Thanks for nothing, Google Translate
From what we can understand from a New Zealand news outlet, Kaiora and Francis Tipene, the lovable couple who star in the NZ reality show The Casketeers, have decided to take a break from their popular show, which enjoyed five seasons on Netflix. The article says that “despite the Tipene whānau nearing the decision to take a break, their future and ngākau for their mahi is definitely with whānau and tūpāpaku across Aotearoa.” As non-Maori speakers eager to find out why the Tipenes are pausing their show, we plugged this sentence into Google Translate, and got this:
Well, that didn’t help much. After further investigation, we have concluded that the Tipene family is going to spend more time with “extended family and corpses across New Zealand.” OK, so it’s not a perfect translation, but you get the drift.

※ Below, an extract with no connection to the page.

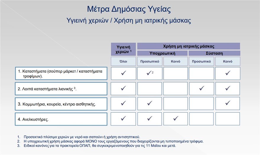 Επίσης δεν είναι υποχρεωτική και η χρήση γαντιών από υπαλλήλους και καταναλωτές. Αντίθετα υποχρεωτική είναι η υγιεινή χεριών είτε με προσεκτικό πλύσιμο χεριών με νερό και σαπούνι είτε με χρήση αντισηπτικού.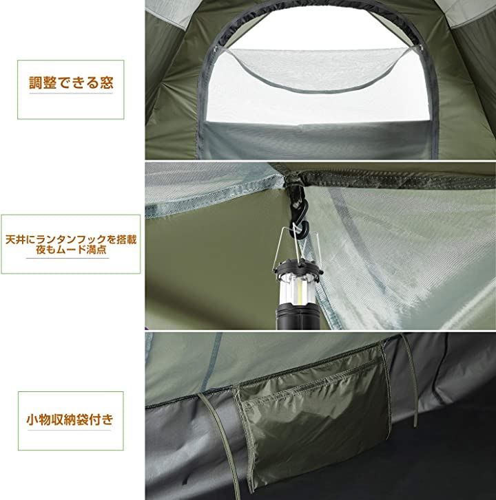 YACONE テント 3人用 ワンタッチテント 二重層 2 WAY 設営簡単 コンパクト uvカット加工 折りたたみ 防災用 キャンプ用品 アウトドア グリーン

However, if you’d love to watch more New Zealand deathcare shows, the new comedy series Good Grief, about two sisters who inherit their grandfather’s funeral home, debuted on AMC+ this summer!
Coming to a big screen near you …
Great news! Your favorite video game — yes, of course it’s The Mortuary Assistant — is being made into a horror movie! Director and screenplay writer Jeremiah Kipp hopes to “celebrate all of the game that terrified me as well as create a companion piece to it…translating it into the visual storytelling and character-driven horror of narrative filmmaking.” Remember, this is the game we’ve shared with you in previous 4Ms — the one where players take on the role of embalmer and have to hope they don’t run into “unstoppable corpses.” Maybe when the film comes out your team can make some popcorn and host a movie night!
Tut was more just funky … he was loaded
Recently, American author Maria Golia literally wrote the book on tomb raiding — the actual practice of stealing artifacts from graves, not the Indiana Jones adventure. In A Short History of Tomb-Raiding, Golia explains how and why tomb raiders operated as well as how they were punished (slicing off nose, ears, and lips prior to public impalement, etc.). She also puts a modern-day price on the famed coffin of Tutankhamun, which was discovered 100 years ago by Egyptologist Howard Carter. Based on today’s gold prices, Golia estimates the 22-carat coffin to be worth over $6.5 million. So, yes, as Steve Martin and the Toot Uncommons sang in 1978 on SNL, King Tut was funky, was buried in a condo made of stone-a, and was indeed a golden idol — but we’re not sure if he was buried with a donkey, did the monkey, or if the ladies actually loved his style as he was dancin’ on the Nile.